So how does this relate to data? Well, this success would not be possible without a decision-making process backed by data and analytics, as we shall see.
The team behind Hedvig’s data & analytics machinery
Hedvig is a quite large startup with many people working with data & analytics. The three Heroes of Data who presented this particular work at our Meetup are Hannes, Filip and Jacinta:
Hannes Kindbom has worked with Hedvig in different forms since the company’s inception. Since last summer, he works as Analytics & ML Engineer, coming straight from studies in machine learning and applied mathematics at Royal institute of Technology in Stockholm, where he graduated with two Master’s degrees.
Jacinta Waak has been with Hedvig for around half a year and heads up the Analytics team. She has a long background leading various teams in market research, analytics product development and insights delivery.
Filip Allard is a Senior Pricing Data Analyst at Hedvig. He is a theoretical particle physicist who ended up trying to change the insurance industry after having awful insurance experiences during his own cancer treatment, which fired up his passion to make a change.
Unlike many of his colleagues at Hedvig, Filip had previously worked at a more traditional insurance company, where he saw first-hand the difficulties that could come with handling insurance data. For example, having trouble moving 3rd party data into an analytics environment, and the mess that could result from performing too many transformations with too little governance. In addition, he experienced the pain of trying to make a central data team add data features and having to wait two months for implementation, limiting the speed of the business. Last but not least, he also saw great improvement potential in using more and better machine learning models for pricing insurance—something his old employer didn’t see in the same positive light.
Filip, Jacinta and Hannes were determined to change all of this at Hedvig, and couldn’t wait to get started!
The first phase: ad-hoc queries saved in Google docs
Back in 2020, before Filip, Jacinta and Hannes took the reins, the original data & analytics team at Hedvig consisted of only two people who performed ad-hoc queries directly to the production database in Postgres. They then saved the queries in Google docs—which worked but was less than ideal.
From these beginnings, the backend was hosted in AWS, but the team had some hesitations about the analytics capabilities of AWS, which we’ll get back to shortly.
The second phase: dbt, Postgres in AWS and Tableau
With the crude Google docs setup soon becoming too painful, the early analytics team at Hedvig set out to create the company’s first real data stack. This first “data stack car” consisted of dbt, Tableau, and was still powered by Postgres running on AWS.

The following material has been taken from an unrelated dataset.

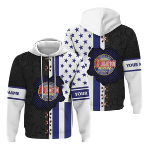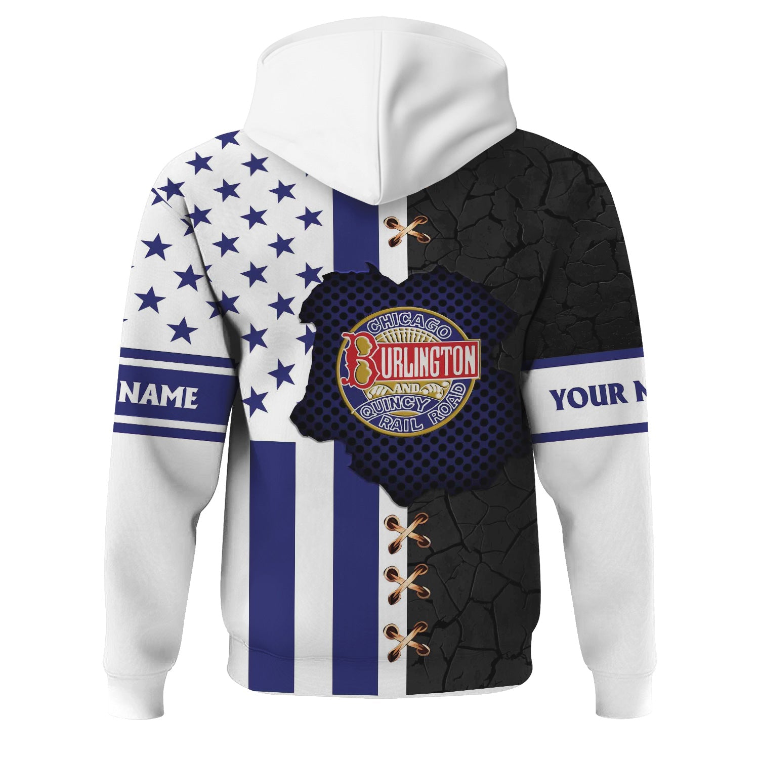 Railspirit Personalized Chicago, Burlington and Quincy Railroad Hoodie American Flag with Crack Effect Train Zip Up Hoodie
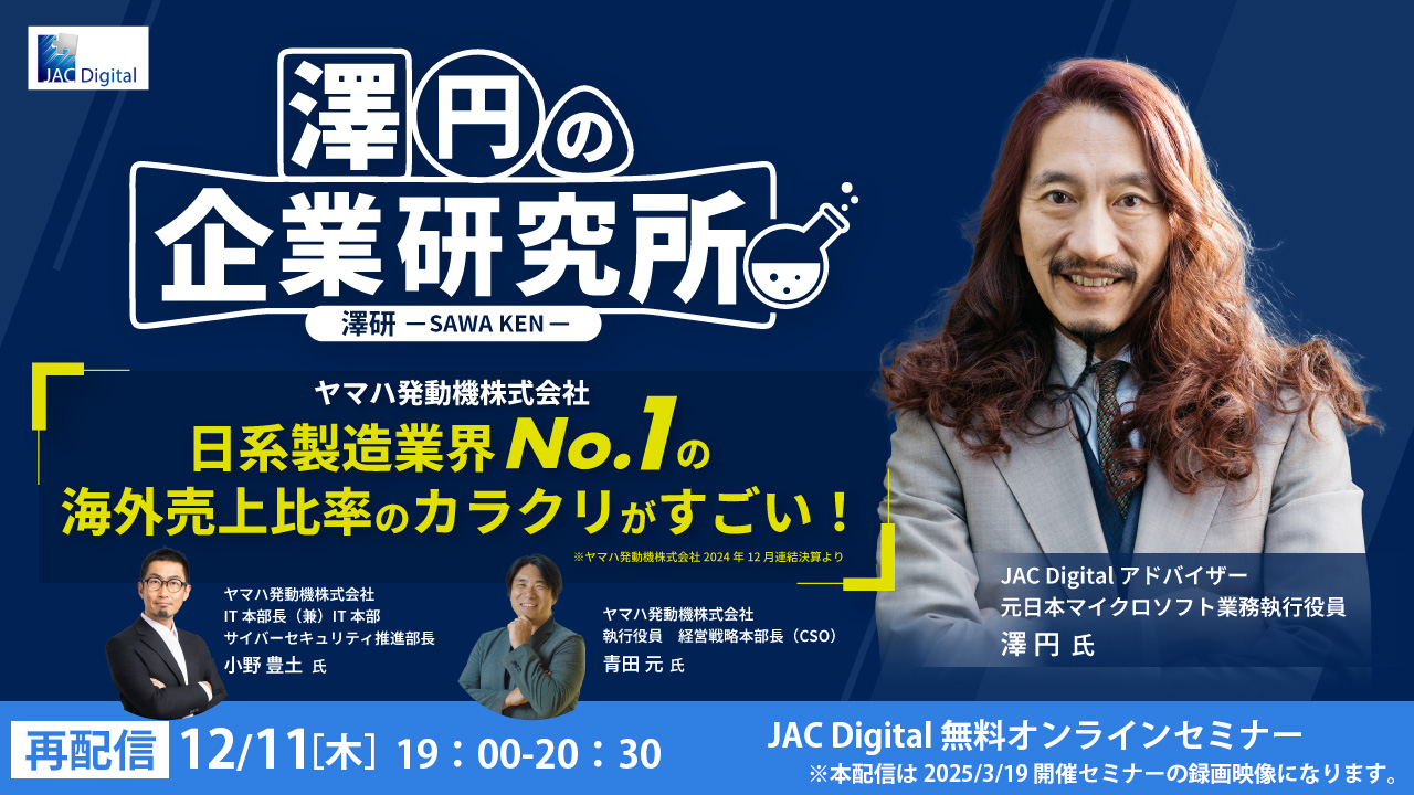 新規事業を担う青田氏と、成長を支えているIT部門を担う小野氏をゲストに迎え、澤円氏がヤマハ発動機の魅力を深掘りしておりますので、ぜひご視聴ください。

However, this setup was still quite ad hoc—any type of analysis would require its own manual query and Tableau dashboard. Tableau also ended up not being so scalable since it was run locally, and relied on SQL skills in order to be able to create useful visualizations. Last but not least, the setup was slow. The dbt models took around an hour to run in Postgres—clearly not meeting the expectations or the potential of the business.
The team needed to look at other tools to reach their vision for the insurance industry.
The third phase: Fivetran, Looker, Google BigQuery, and Vertex AI
This is when Hedvig upgraded to a polished sports car data stack! The new data stack featured:
- Fivetran to transfer data to Google Cloud Platform (GCP). This was a shift from the analytics software in AWS that they knew they wanted to move away from
- BigQuery (GCP) as the engine and data warehouse of the analytics setup
- Dbt to perform transformations on the data into analytics-ready data sets
- Looker for visualizations
- Vertex AI to build infrastructure for machine learning and pricing models
This sports car setup brought with it tremendous benefits: the daily materialization of the dbt models went down to 10 minutes (from an hour!) despite serving more models in production. The maintenance burden for the engineering team went down significantly, primarily due to the plug-and-play interface to ingest data from Fivetran. Hannes made sure to mention that this has enabled the data team to focus more on enabling the business than they would have if they built custom functionality from scratch themselves. Finally, he mentions that the data stack sports car is “easy to drive.” In fact, it is so easy to use that many business stakeholders can “drive” themselves making data very accessible throughout the organization—largely thanks to Looker’s easy-to-use exploration mode.
More specifically, this data stack allows the pricing team to manage all the pricing data themselves; everything from curating model training datasets to performing transformations. If there’s some data point they’re lacking, they can go into the raw data and add it in a fast and easy way themselves. Once the training datasets are prepared, the team uses Vertex AI to ingest the data and run various machine learning model training pipelines. Once the models are ready, Vertex AI enables the pricing team to deploy prices live to customers in containers via API endpoints. When Filip talks about this, you can see his eyes light up!
All in all, quite the step change versus the old insurance industry with regards to data, tools, models, deployment and the customer experience enabled by all of this.